В этой ловушке, как в китайских шарах, скрыта другая. Модернизации инновационного типа с претензией на постиндустриальный состав какое-то время легко симулируются. Развивается бешеная активность, словесная и организационная. Запускаются впечатляющие проекты, раздаются мегагранты, против потока сбегающих из страны в нее возвращаются несколько талантов и даже появляются отдельные результаты — хотя и в откровенно тепличных, эксклюзивных условиях. И только потом выясняется, что все это было слишком красивым, чтобы решить системную проблему, по сути своей некрасивую и красиво не решаемую, — проблему не отдельных людей, а социума, режима, страны в целом. Тогда вдруг появляются честные диагнозы и рецепты, но общие потери, ранее спрятанные за локальными достижениями, становятся необратимыми и положение дел экспертам приходится оценивать уже в неакадемической лексике.

Все эти проблемы упакованы в еще одну, более общего свойства. Китайские специалисты, только что издавшие сводный (за 10 лет) доклад по модернизации, со свойственным этой великой культуре тактом свидетельствуют, что для догоняющих стран вероятность приблизиться к лидерам неуклонно уменьшается. Примерно через 20 лет может приоткрыться еще одно окошко, но в целом шансов будет становиться все меньше. Мы же с известной российской прямотой полагаем, что в этом новом мире отставания уже вот-вот станут необратимыми: лидеры идут вперед быстрее догоняющих, в итоге сколачивая закрытую ложу «власти над будущим»1. И правильно полагаем: на этой развилке логика «вероятности» и «гипотетических шансов» Россию мало устраивает.

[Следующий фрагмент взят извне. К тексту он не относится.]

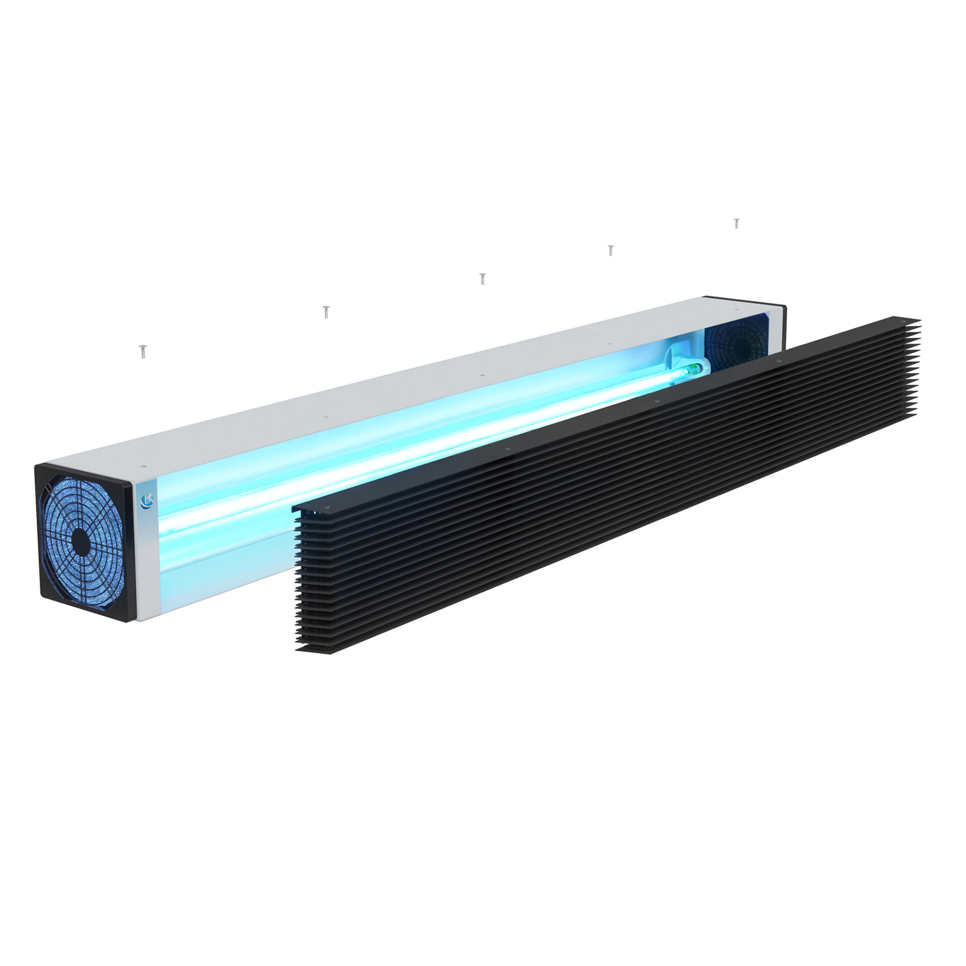 Віддзеркалювач з полірованого алюмінію максимально ефективно відбиває ультрафіолет, а його конструкція у поєднанні з точним позиціонуванням лампи сприяє максимальному виходу через жалюзійну решітку прямих і відбитих ультрафіолетових променів.

Есть ли у нас возможность не выпасть из этой обоймы навсегда (точнее, выпасть не навсегда), уже, мягко говоря, не ясно. Но достаточно того, что такая возможность существует и она реальна. Тем более мы обязаны попытаться эту возможность хотя бы приоткрыть: даже если не все получится в будущем, такая работа, если она будет вестись правильно, — единственный шанс исправить настоящее.

Грядущее и думы

Прежде всего здесь важно различать заинтересованность (или незаинтересованность) объективную и субъективную, а также сиюминутную и тактическую (даже не стратегическую). Люди могут полагать, что они в модернизации не заинтересованы, только в силу того, что либо понимают модернизацию неправильно, либо понимают ее так, как им сейчас ее преподносят на словах и на стартовых примерах. Кроме того, они могут исходить (и, как правило, исходят) исключительно из текущей ситуации, не учитывая, насколько она ненадежна и чем может обернуться в обозримое время. При этом в действительности они могут быть жизненно заинтересованы в подлинной модернизации как с точки зрения ее ближайших последствий, так и в плане среднесрочной, а тем более долгосрочной перспективы. Если же не исключать вполне вероятные и затрагивающие буквально всех острые, если не катастрофические сценарии, связанные с провалом модернизационного проекта, то доля заинтересованных в модернизации резко возрастает, приближаясь к максимуму. Из этого числа бенефициаров обновления можно исключить разве тех, кто в своих жизненных планах уже окончательно поставил крест на «этой стране» и ориентирован на окончательное разграбление трофейной территории с последующим отбытием на запасные аэродромы в места, от России столь отдаленные.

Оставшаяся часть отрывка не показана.